By Piers Boileau-Goad
9th August 2022
Gas used. Trimix 11% O2 / 45% Helium / 44% Nitrogen (known as 11/45).
On surfacing, the SMB was held horizontally above my head as required by the skipper on Sea Leopard and I was picked up. The skipper was in front of me while going up the lift so I told him I missed a stop immediately. Being a Technical diver, instructor and overall guru, he told me to stay on my loop and maintain 1bar manually while he prepared the O2 and took my spare computer to check the dive profile. Once ready, both the Skipper and my Buddy helped me out of my unit and into a space on the deck cleared so that I could sit down and just chill. After 45 minutes on O2 at 25 litres per minute and no symptoms, type 1 or 2, I came off the O2 and chilled. I had taken an O’Dive (doppler sensor) reading as well which came back as 75% (which is a good score) so this gave me some confidence. The second dive was skipped.
- Total Dive time: 33 minutes
- Max depth: 32.53m
- Temperature at the bottom: Between 17 and 20 Degrees!
Lessons Learned
- Its not always so simple adding 2 kg from a fresh water check dive to a salty check.
- Stress before and during the dive could change you buoyancy due to retained gas – hyperventilation – so try to stay relaxed. This was my first sea dive since returning to Britain from my ship.
- ALWAYS tell the skipper immediately if something like this happens. It is better to act fast than wait.

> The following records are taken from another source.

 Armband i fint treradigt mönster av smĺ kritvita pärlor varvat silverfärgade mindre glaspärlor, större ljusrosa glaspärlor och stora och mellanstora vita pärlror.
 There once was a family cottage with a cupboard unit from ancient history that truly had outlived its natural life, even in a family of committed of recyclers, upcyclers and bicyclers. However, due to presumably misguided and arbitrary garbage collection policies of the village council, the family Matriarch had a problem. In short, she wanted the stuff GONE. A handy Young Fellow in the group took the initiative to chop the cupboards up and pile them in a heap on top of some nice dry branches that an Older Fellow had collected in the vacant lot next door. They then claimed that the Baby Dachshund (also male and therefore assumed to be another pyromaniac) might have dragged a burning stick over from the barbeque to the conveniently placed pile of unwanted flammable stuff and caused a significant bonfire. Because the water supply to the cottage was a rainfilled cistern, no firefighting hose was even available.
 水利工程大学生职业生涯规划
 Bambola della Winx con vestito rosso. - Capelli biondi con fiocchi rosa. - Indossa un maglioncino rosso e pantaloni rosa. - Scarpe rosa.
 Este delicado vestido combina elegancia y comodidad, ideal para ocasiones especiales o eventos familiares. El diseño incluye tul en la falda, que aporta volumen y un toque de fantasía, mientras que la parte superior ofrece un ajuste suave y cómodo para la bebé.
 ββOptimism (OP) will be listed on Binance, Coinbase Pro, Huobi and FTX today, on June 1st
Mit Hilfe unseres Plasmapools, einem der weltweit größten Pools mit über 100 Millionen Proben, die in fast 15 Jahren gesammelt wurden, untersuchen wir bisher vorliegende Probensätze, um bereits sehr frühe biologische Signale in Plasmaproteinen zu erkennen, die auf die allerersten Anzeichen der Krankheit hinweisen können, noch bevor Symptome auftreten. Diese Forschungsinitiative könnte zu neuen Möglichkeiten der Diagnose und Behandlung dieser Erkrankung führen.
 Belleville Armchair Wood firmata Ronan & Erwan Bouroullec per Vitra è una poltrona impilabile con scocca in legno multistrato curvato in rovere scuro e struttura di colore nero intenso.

- Things WILL go wrong at some stage (even if they have been recently serviced!) so be prepared. Just imagine if my diluent cylinder had been a single cylinder diver on air after a bimble around this wreck and doing an air sharing ascent, or worse, buddy separation at the last possible moment before ascent and a mandatory safety stop.
- When driving home and monitoring for symptoms we tend to focus on any tingle, ache or bruise that we have rather than taking a step back, some aches are normal while others are not.
- Gas mix matters. By diving on 11/45, I had already reduced my chances of a Nitrogen bend due to the helium and O2 content in my diluent mix. My set point was 1.3 Bar giving me a breathing gas of 30.9% (0.46 Bar O2, 1.89 Bar Helium and 1.84 Bar Nitrogen) on the bottom. My deco obligation was 4 minutes at 3m. When combining the gas used and the ‘guesstimate’ nature of current deco theory I did not feel that I was looking at a serious bend so when the skipper asked if I wanted a Helicopter evacuation I said that it was not necessary.
How Do I Feel?
Still aching, humiliated, still monitoring but overall pretty annoyed with myself for having got this one wrong, that said, I have learnt a lot. I am also very happy to have been with the skipper I was with, Al Wright at Sea Leopard (ex Salutay). Had it been another skipper, I would not perhaps have felt in such safe hands.
A Massive thanks to Al, Frieda and my Buddy. Without them I would have been more concerned than I was.